Alarma por votos rechazados en California ante retrasos en el correo electoral
Boletas por correo llegaron tarde hasta cuatro veces más; expertos alertan riesgo para votantes, sobre todo rurales
Expertos advirten a votantes que deben envir su voto con anticipación para ser tomado en cuenta Crédito: Juan Minchillo | AP
El sistema de voto por correo en California enfrenta nuevas señales de alerta. Expertos electorales han advertido que el número de boletas rechazadas por llegar tarde se cuadruplicó en recientes comicios, encendiendo preocupaciones sobre el acceso efectivo al voto, especialmente en comunidades rurales.
De acuerdo con datos estatales analizados por Los Angeles Times, durante la elección especial del 4 de noviembre —en la que se votó la Proposición 50—, el promedio de votos por correo rechazados por retraso pasó de 2 por cada 1,000 en 2024 a 8 por cada 1,000 en 2025. Aunque el porcentaje puede parecer bajo, el incremento ha sido significativo y sostenido en varios condados.
“Algo cambió“, reconoció Melvin E. Levey, director de la Oficina del Registro Electoral del condado de Merced. “No nos gusta ver boletas fuera de plazo. Si alguien se toma la molestia de votar, queremos que su voto cuente”.

En Merced, por ejemplo, el número de papeletas tardías se multiplicó casi por siete respecto al año anterior. Casos similares se reportaron en otros condados como Kern y Riverside, donde miles de votos no fueron contabilizados por no cumplir con los requisitos de tiempo.
El problema parece estar vinculado a cambios recientes en el Servicio Postal de Estados Unidos (USPS), que redujo la frecuencia de recolección de correo en algunas zonas, sobre todo rurales. Esto ha provocado retrasos en el matasellado de las boletas, un requisito clave para que sean válidas.
“Nunca se debe enviar la papeleta el día de las elecciones”, advirtió Cathy Purcell, portavoz del USPS, quien recomendó a los votantes enviarlas al menos una semana antes.
Sin embargo, esta recomendación ha generado confusión. Durante años, muchos electores confiaban en que podían depositar su voto incluso el mismo día de la elección sin mayores problemas. “Es un cambio drástico”, explicó Paul Mitchell, experto en datos electorales. “La gente está siguiendo patrones que antes funcionaban y ahora podría quedarse sin que su voto cuente”.

El impacto no ha sido uniforme
En condados ubicados a más de 80 kilómetros de centros de procesamiento postal, la tasa de votos tardíos se cuadruplicó, lo que refuerza la preocupación sobre desigualdades geográficas en el acceso al voto.

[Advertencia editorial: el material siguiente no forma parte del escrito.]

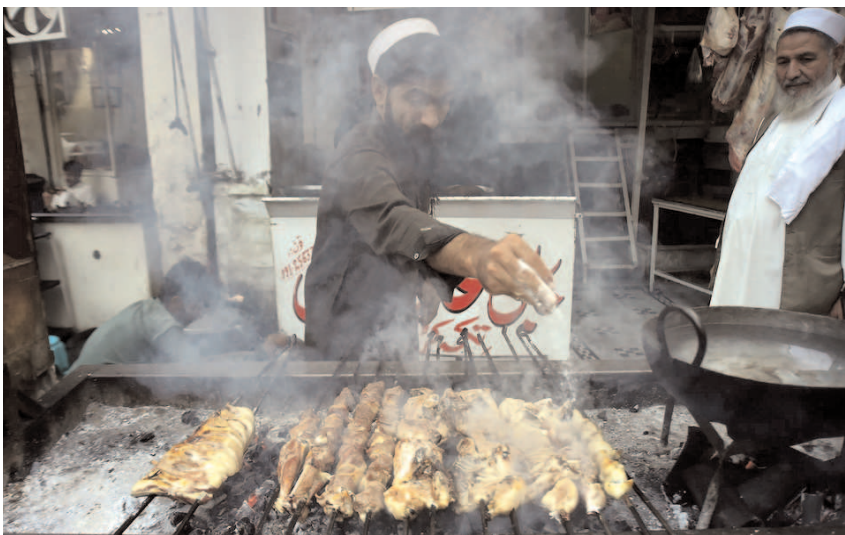
PESHAWAR: A man busy in making barbeque for customers.

pation of Kashmir valley by India negated multiple articles of the 30 fundamental human rights of the Universal Declaration of Human Rights (UDHR) drafted by representatives from all the regions of the world including India on December 10, 1948 and subsequently was adopted by the United Nations General Assembly. "This declaration was applied to all the signatory members of the UN including India and restrained them from all kinds of abuses, exploitation, maltreatment and violence besides violation of any fundamental rights protected in UDHR." He urged international community to look beyond trade and business interests and step forward with collective action to stop genocide of oppressed Kashmiris besides pressurize Modi government to reverse all its illegal actions of August 5, 2019 and give right of self-determination to them for lasting peace and stability in South Asia.

Las autoridades electorales ya habían advertido sobre este riesgo. Antes de la elección, la secretaria de Estado de California, Shirley Weber, pidió a los votantes evitar dejar sus boletas en buzones el último día. “No queremos que la gente asuma que todo funcionará como antes”, señaló.
El debate ocurre en un contexto político tenso; mientras líderes demócratas defienden el voto por correo como una herramienta clave para ampliar la participación, el presidente Donald Trump ha impulsado nuevas restricciones, insistiendo —sin pruebas— en que este sistema facilita el fraude.
Más allá de la disputa política, especialistas coinciden en que el problema actual es operativo. Cambios en la logística del correo, combinados con hábitos de votación que no se han ajustado, están dejando fuera miles de votos válidos.
Y, como advirtió Levey, detrás de cada boleta rechazada hay una intención clara de participar que, por razones ajenas al votante, podría no ser escuchada.